Matt Fraschilla

As the Crimson prepares to take on Stanford in its season opener, David Freed recaps the last season for each of the players on this year’s team and discusses the important season goals for each student-athlete. In this article, he discusses the recent progression and the relevant next steps for senior point guard Matt Fraschilla.

Matt Fraschilla
After an ACL injury sidelined him last season. the senior will return to the court in hopes of ending his career with an Ivy League championship.

2015-2016 Recap:

When Chambers went down with an ACL injury before the season started, Fraschilla was the main expected beneficiary. The only other non-freshman point guard on the roster, then-junior Corbin Miller, had not shown enough the year before to be the clear-cut starter and was better playing off the ball. Fraschilla thus appeared to be in line for, if not a starting job, significant minutes in his junior season in Cambridge. The start was rosy: Fraschilla earned a Her Campus profile in September and played well in early-season scrimmages.

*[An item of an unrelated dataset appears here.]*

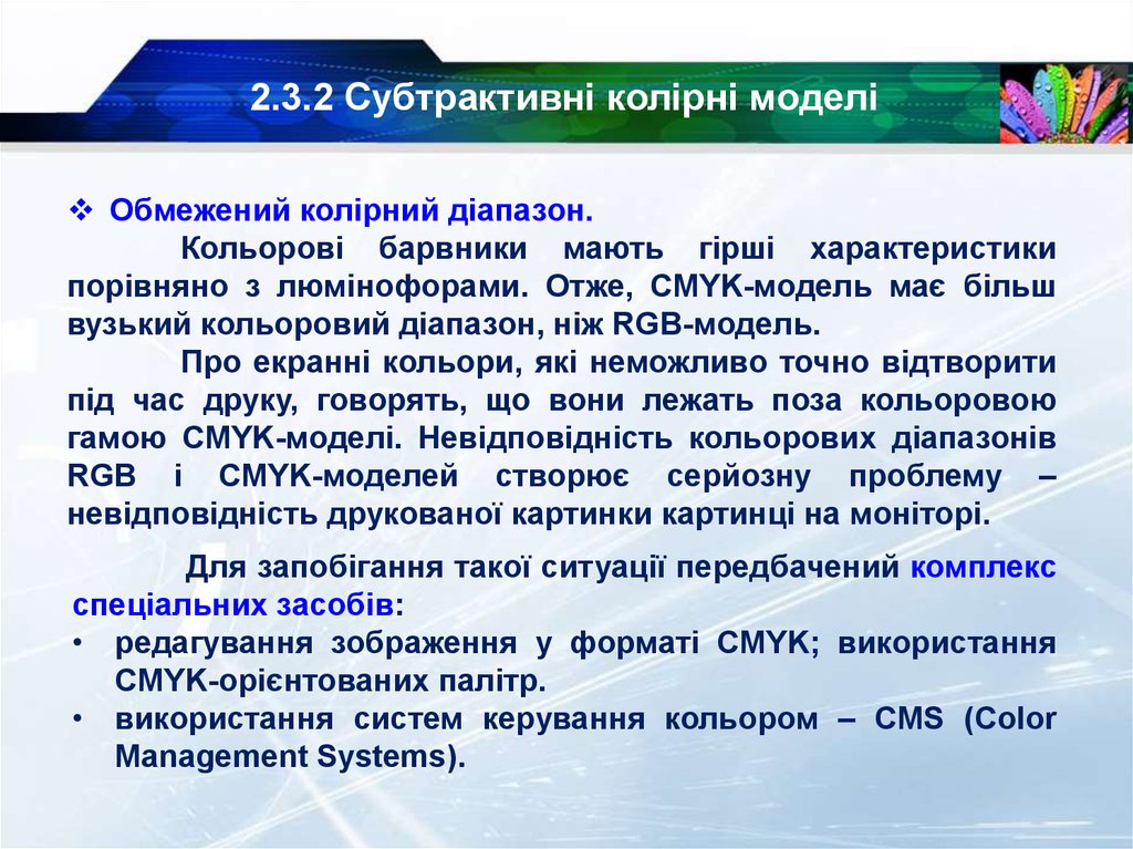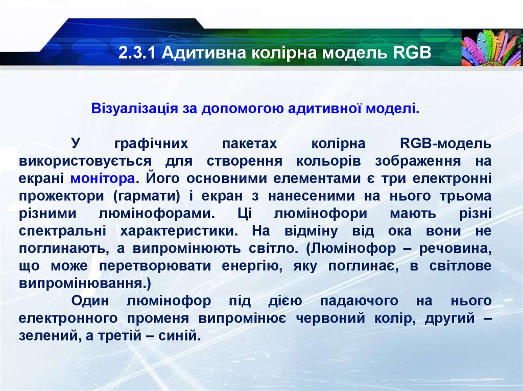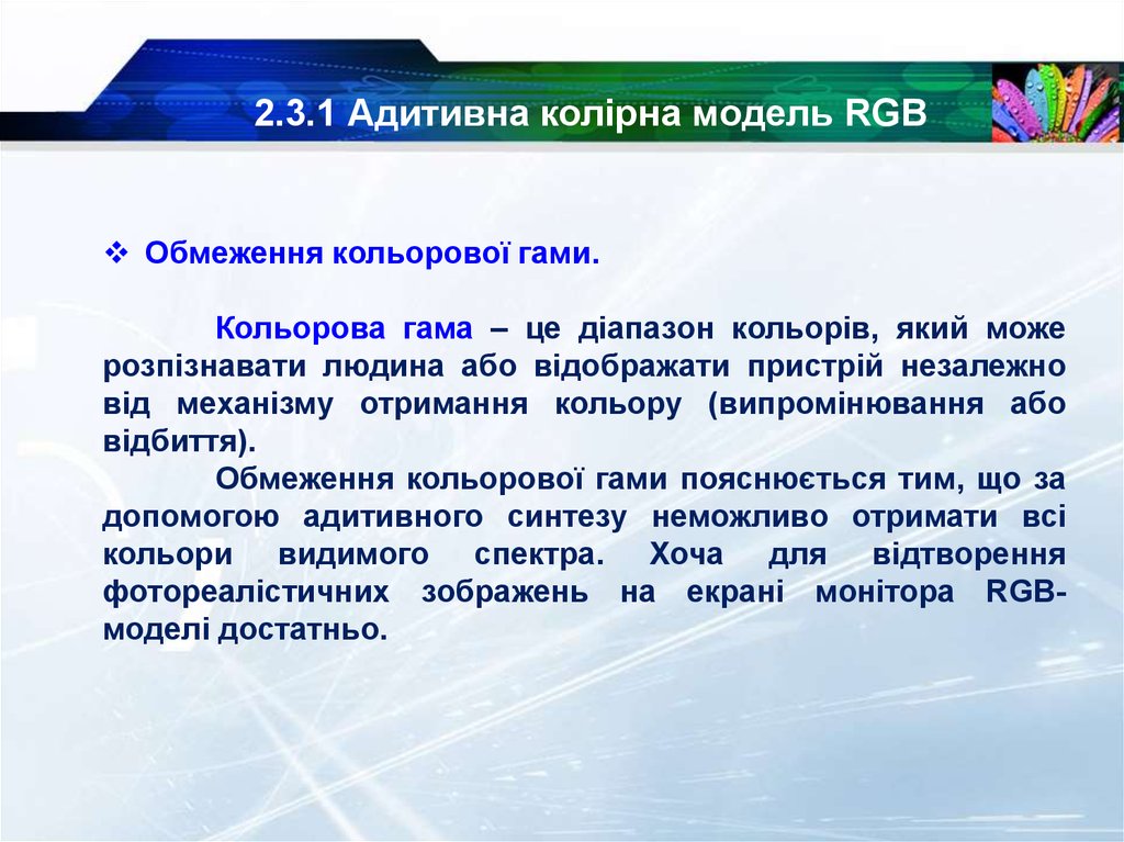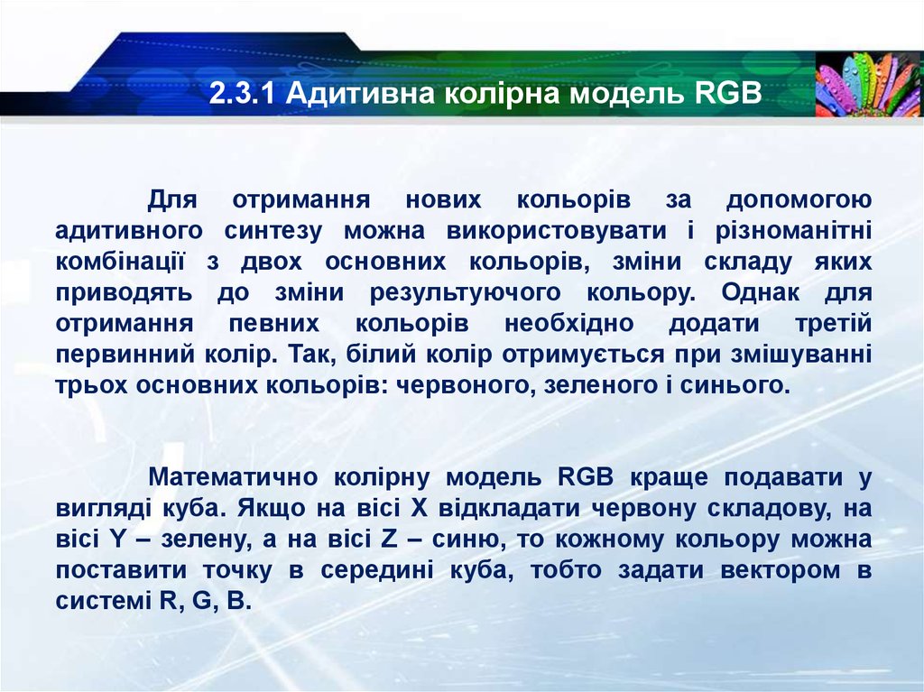 2.3 Типи колірних моделейБільшість графічних пакетів дозволяють оперувати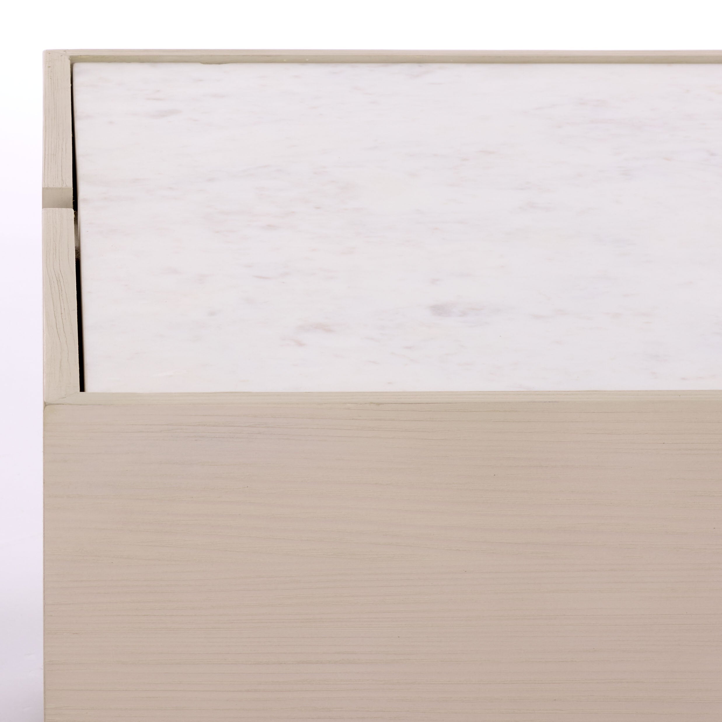 Introducing the Alanabella Marble & Wood Rectangle Coffee Table with an attractive blend of blonde oak and pristine white hues. This distinguished piece stands out with its unique combination of materials, from a body of sturdy pine wood and veneer to a stunning marble top that adds a touch of elegance to any living space. One look at the fine grain of the pine and the sophistication of the marble, and it's clear this coffee table provides a striking aesthetic and a conversation piece for your guests. Crafted with careful attention to detail, this coffee table brings together the beauty of natural elements and the convenience of modern furniture design. The Alanabella Coffee Table is not just about aesthetic. Functionality is also a key part of its appeal, meant to serve not just as a centerpiece but also as a hub for storing your favorite coffee table books, remotes, or decorative pieces. Utilize this table as a coffee server or a cocktail table for spontaneous gatherings. The beauty of the Alanabella table lies in its ability to transform your lounge or living room into a hub of comfort, conviviality, and style. Add a touch of timeless elegance to your living space with the Alanabella Marble & Wood Rectangle Coffee Table.

Things went downhill quickly, however. Tommy McCarthy secured the starting job and in the second game of the season, Fraschilla tore his ACL against Providence. His season was over after 17 minutes and Miller quickly became the primary backup for the remainder of the season. A great opportunity vanished as quickly as it had appeared.

Important Next Steps:

In his 77 career minutes, Fraschilla has shown a rather conventional game. He doesn't have much confidence in his jump shot—having not taken a three since his freshman year—and aims to beat his opponents off the dribble. He is a deft passer when he gets in the lane, but lacks the length (he is just 5'11") to finish effectively over bigger defenders. As he focuses on next season, his goals should be twofold:

1.Embrace Finishing Through Contact — For smaller guards, a key to finishing effectively around the rim is to use the length of big men against them, driving into the body and preventing them from leaning in to block the shot. Since becoming an ace shooter over a summer is unrealistic, Fraschilla should focus on further developing his strengths.

2.Master the Pick-and-Roll — Harvard ran relatively few pick-and-rolls in 2015-2016, but could maximize the athleticism and finishing ability of senior Zena Edosomwan by finding him an effective pick-and-roll point guard. While Chambers is likely to become that player, Fraschilla can provide significant value to the team by mastering the same skill set.

2016-2017 Outlook:

Fraschilla's future with the team is, to put it generously, uncertain. His main comparative advantage last season was his veteran leadership, as his on-court skills pale in contrast to his competition at the position. With the team's two captains both competing for time at the point, Fraschilla can no longer claim that advantage.

Furthermore, the arrival of Bryce Aiken and (to a lesser extent) Christian Juzang will squeeze what few available minutes exist at the one. In his last season in Cambridge, Chambers played nearly 35 minutes a contest at the position—roughly in line with what he played his first two season. That number will likely go down in 2016-2017 since Amaker has considerably more options at the position, but Chambers will still likely play 30-32 minutes a game. The remaining eight minutes are more likely to go to a combination of McCarthy, Miller, and Aiken than Fraschilla.

Fraschilla's problem is compounded by his inability to shoot the ball effectively. All three of the above guards, who offer value as off-ball cutters and shooters, could conceivably play alongside Chambers in two point-guard lineups. Fraschilla is most effective with the ball in his hands and can't claim the same versatility, which ultimately means that is unlikely that he sees any kind of serious minutes in his final Harvard season.